San Francisco City Hall - History

History

The current City Hall building is a replacement for an original building which was completed in 1899 after 27 years of planning and construction. The original city hall was actually a much larger building which also contained a smaller extension which contained the city's Hall of Records.

Reconstruction plans following the 1906 Earthquake wanted the buildings design and plans to work with noted city planner and architect Daniel Burnham's plan to rebuild the city, and in particular, the Civic Center complex in a neo-classical design as part of the city beautiful movement, as well as a desire to rebuild the city in time for the 1915 Panama-Pacific International Exposition. After Arthur Brown Junior's design was selected, construction started in 1913 and was completed by 1915, in time for the Exposition.

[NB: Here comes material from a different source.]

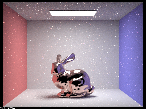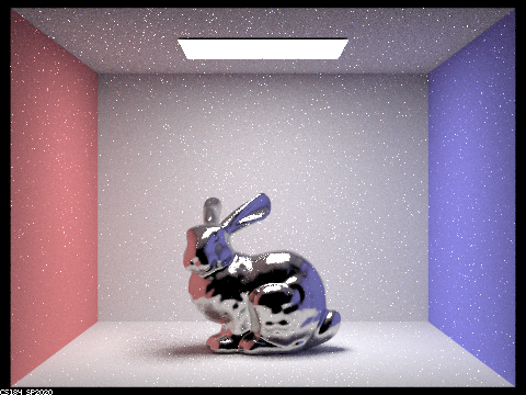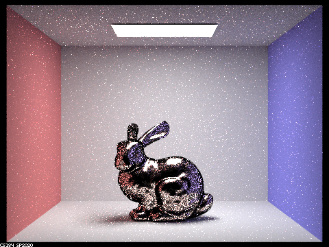 Lastly, we render the same CBbunny but in cobalt. The cobalt bunny has very similar specular properties to the copper bunny, probably because cobalt and copper are pretty similar. At least the color is different. To change the metal, I used this website to look up the refractive index (η) and extinction coefficient (k) of cobalt at the fixed wavelengths for the R,G,B channels. Parameters listed below.

The main rotunda had also served as the location of many prominent state funerals. General Fredrick Funston, hero of the Spanish-American War, Philippine-American War, and the 1906 Earthquake had his there in 1917. President Warren Harding's body lay in state under the rotunda following his death in San Francisco in 1923.

Joe DiMaggio and Marilyn Monroe were married at City Hall in 1954. Mayor George Moscone and Supervisor Harvey Milk were assassinated there in 1978, by former Supervisor Dan White.

The Loma Prieta earthquake of 1989 damaged the structure, and twisted the dome four inches (102 mm) on its base. Afterward, work was completed, under the leadership of the San Francisco Bureau of Architecture in collaboration with Carey & Co. preservation architects, and Forell/Elsesser Engineers, to render City Hall earthquake resistant through a base isolation system. In an earthquake, the mass of the dome threatens to act as a pendulum, rocking the building's structure and tearing it apart. But the base isolation system of hundreds of rubber and stainless-steel insulators inserted into City Hall's underpinnings should have the effect of disrupting seismic waves before they can affect the structure. However damage to the structure could still occur as no building is completely earthquake-proof. The base isolation system would likely prevent total collapse of the building. City Hall reopened after its seismic upgrade in January 1999, and was the world's largest base-isolated structure at that time.

The city hall has attempted to recruit peregrine falcons to nest in aeries outside the dome. Pigeon droppings have to be periodically cleaned from the pair of glass-covered light wells that were covered with concrete at the height of modernism. In a curious coincidence, the new city hall in nearby San Jose has already drawn at least one pair of falcons, discovered by Mayor Ron Gonzales himself as he saw pigeon feathers descend past a window during a meeting.

In May 1960, the main Rotunda was a site of a student protest against the House Un-American Activities Committee and a countering police action whereby students from UC Berkeley, Stanford, and other local colleges were fire hosed down the steps beneath the rotunda. This event was memorialized by students during the Free Speech Movement at UC Berkeley four years later.

The original grand plaza has undergone several extensive renovations, with radical changes in its appearance and utility. Prior to the 1960s there were extensive brick plazas, few trees, and a few large, simple, raised, and circular ponds with central fountains, all in a style that discouraged loitering. The plaza was then extensively excavated for underground parking. At this time a central rectangular pond, with an extensive array of water vents (strangely, all in several strict rows and all pointing east, with identical arcs of water, and completely without sculptural embellishment), was added, with extensive groves of trees (again, in 60s modernist style, planted with absolute military precision on rectangular grids). In the 1990s, with the rise of the problem of homelessness, the plaza was once again remodeled to make it somewhat less habitable – although the most significant change, the replacement of the pond and pumps with a lawn, could be reasonably justified on the basis of energy and water conservation.